"Ah! What?" inquired Boy Bailey rhetorically. "I come here of an afternoon to collect my thoughts an' sweeten the dam by soaking my Trilbies in it an' what happens? I 'm half-deafened by the noise of kissing. I look round, an' what do I see? I ask you—what?"
He brought an explanatory forefinger into play, thick and cylindrical like a damaged candle.
"First, thinks I, here 's a story that's good for drinks in any bar between Dopfontein and Fereira—with perhaps a tar-and-feathering for the young lady thrown in." He nodded meaningly at Margaret. "And it wouldn't be the first time that's happened either."
"Ye-es," said Kamis, who seemed to speak with difficulty. "But you won't get away alive to tell that story."
"Hear me out." Boy Bailey shook his finger. "That 's what I thought first. My second thought was: what 's the sense of making trouble when perhaps there 's a bit to be got by holdin' my tongue? How does that strike you?"

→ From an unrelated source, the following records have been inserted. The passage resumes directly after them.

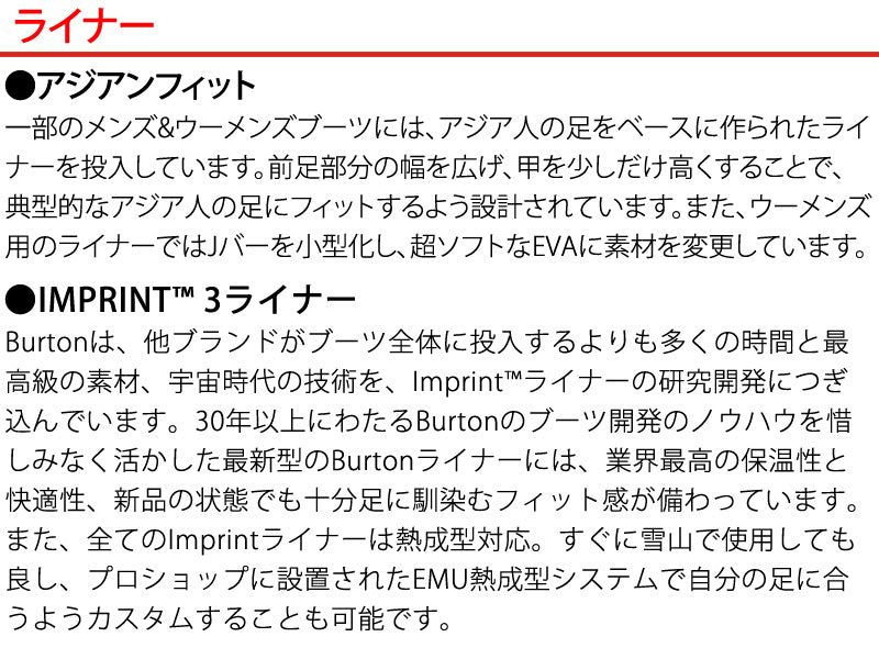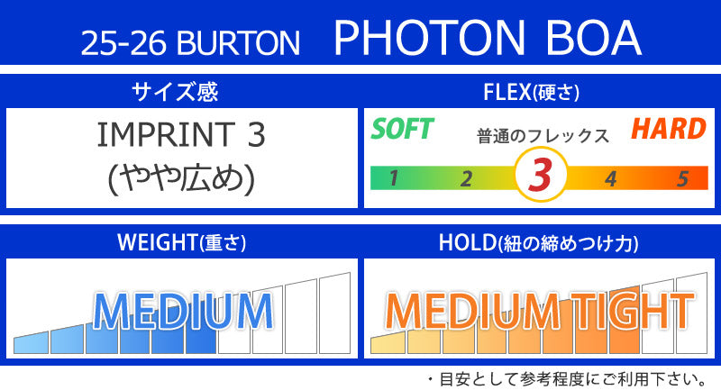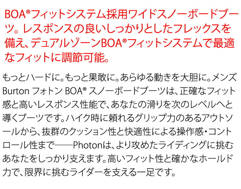 もっとハードに。もっと果敢に。あらゆる動きを大胆に。メンズ Burton フォトン BOA? スノーボードブーツは、正確なフィット感と高いレスポンス性能で、あなたの滑りを次のレベルへと導くブーツです。ハイク時に頼れるグリップ力のあるアウトソールから、抜群のクッション性と快適性による操作感・コントロール性まで――Photonは、より攻めたライディングに挑むあなたをしっかり支えます。高いフィット性と確かなホールド力で、限界に挑むライダーを支える一足です。 ブーツとバインディングの相性やフィッティング、サイズ感に関して等、ご不明な点があればお気軽にお問い合わせください。サイズ交換も当店在庫有りの範囲で対応可能ですので、詳しくはサイズ交換リンクをご確認下さい。 |
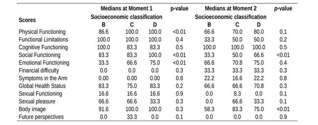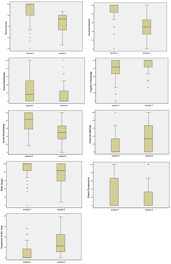 Table 2 shows the socio-demographic data of the interviewees. Figure 1 shows the medians of the statistically significant dimensions by the Wilcoxon test, when compared to the preoperative and postoperative dimensions, Physical Function, Functional Limitations, Social Function, Sexual Function, Financial Difficulty, Body Image and Symptoms in the Arm presented worsening after the surgery. The Cognitive Functioning Dimensions and Future Perspectives improved in the postoperative period.
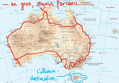 - la journée "PayDay". Et oui, c'est possible, après 11 mois de glandouille, Bridget fait enfin rentrer un peu d'argent. Il était temps! Et comme l'argent c'est fait pour être dépensé ("elle ferait mieux d'épargner quand même!"), j'ai acheté mes billets pour... la Tasmanie qui sera la dernière étape de mon aventure. Du 20 octobre au 5 novembre. Oui tu as bien compris, je passerai ma dernière soirée en Tasmanie, avec le diable! Mouhahahahahahahaha!!!!!!!
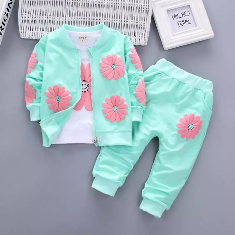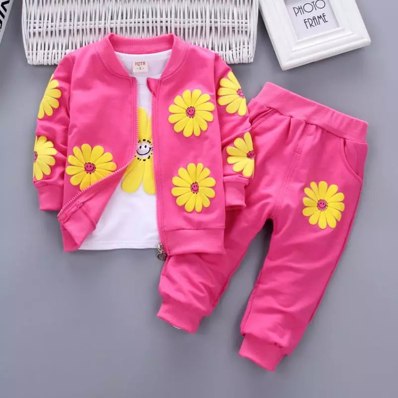 New Girl Pure Cotton Printing Three-piece Child Suit
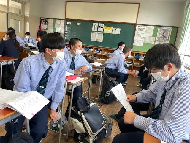 3年生の登校日。貴重な時間を使って、進路決定までの体験談やアドバイスを後輩達へ語る「進路トーク」が実施されました。進路決定までのプロセス、選択理由、勉強の仕方や採用試験でのポイントなどを、自作の資料を参照しながら伝えてくれる姿は、先輩として最後の役目を果たそうとしているようにも見えました。後輩達は熱心にメモを取りながら、質問も飛び交っていました。今年もコロナ禍の中、卒業式まであと2週間です。
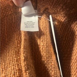 NWT Hooded Poncho Kimono coastal Beachey open raw hem fringe OS rust orange
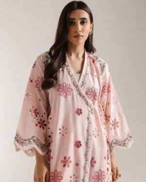 SHIRT – A LINE FIT – WRAP STYLE – V NECK – SCALLOPED HEM – FULL SLEEVES – LONG LENGTH
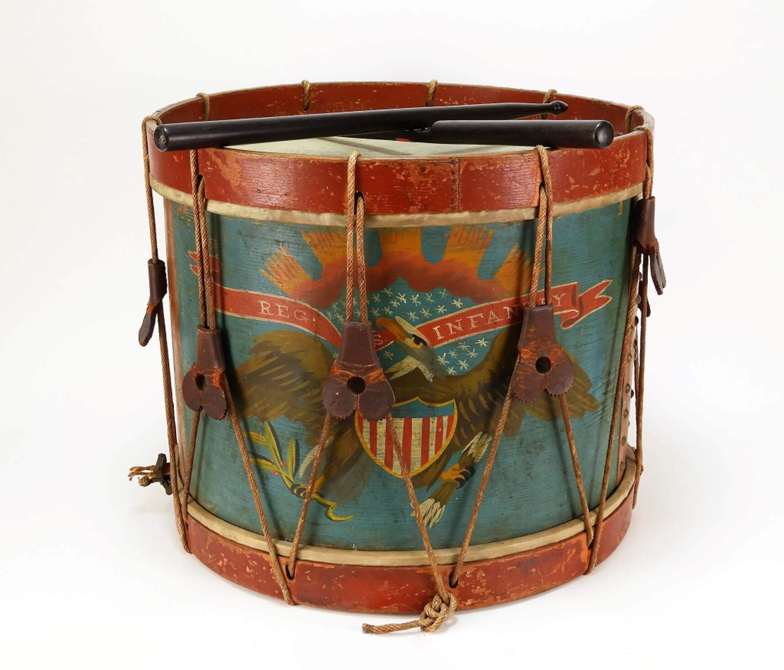 A circa 1864 Civil War regulation painted rope tension drum, with the original rope and nine original leather ears, plus a pair of sticks, is estimated to fetch $2,000-$3,000. The drum has red-painted upper and lower hoops, a shell painted blue with an eagle, shield, sunburst, and banner marked "REGT./U.S./ INFANTRY," with brass tacks around the vent. A paper label inside the shell indicates it was made by Vogt Mfg. (Philadelphia).
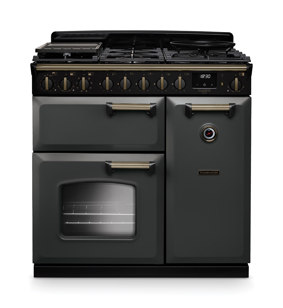 Classic Deluxe 90cm Dual Fuel Range Cooker – Slate with Antique Brass Trim
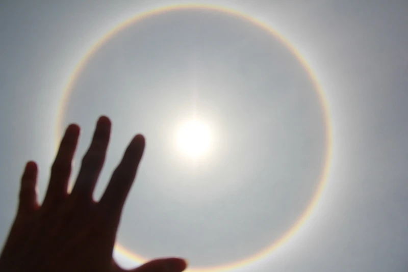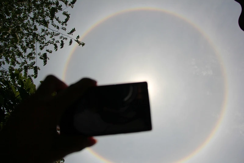Vào trưa 8-5, nhiều người dân tại Thừa Thiên-Huế hào hứng khi nhìn thấy mặt trời tại thời điểm này có một vòng tròn ánh sáng xung quanh không giống như bình thường.

Margaret had been leaning on her stick while he spoke, prodding the earth and looking down. Now she raised her eyes.
"The first thought was the best," she said. "You won't get anything here."
"Eh?" Mr. Bailey was astonished. "You don't understand, Miss," he said. "Ask Snowball, there—he 'll tell you. In this country we don't stand women monkeying with niggers. Hell—no. It 's worth, well—"
"Not a penny," said Margaret. "I don't care in the least whom you tell. But—not one penny."
Kamis was listening in silence. Margaret smiled at him and he shook his head. On the top of the wall Mr. Bailey leaned forward persuasively. He had something the air, in so far as his limitations permitted, of benevolence wrestling with obstinacy, the air which in auctioneers is an asset.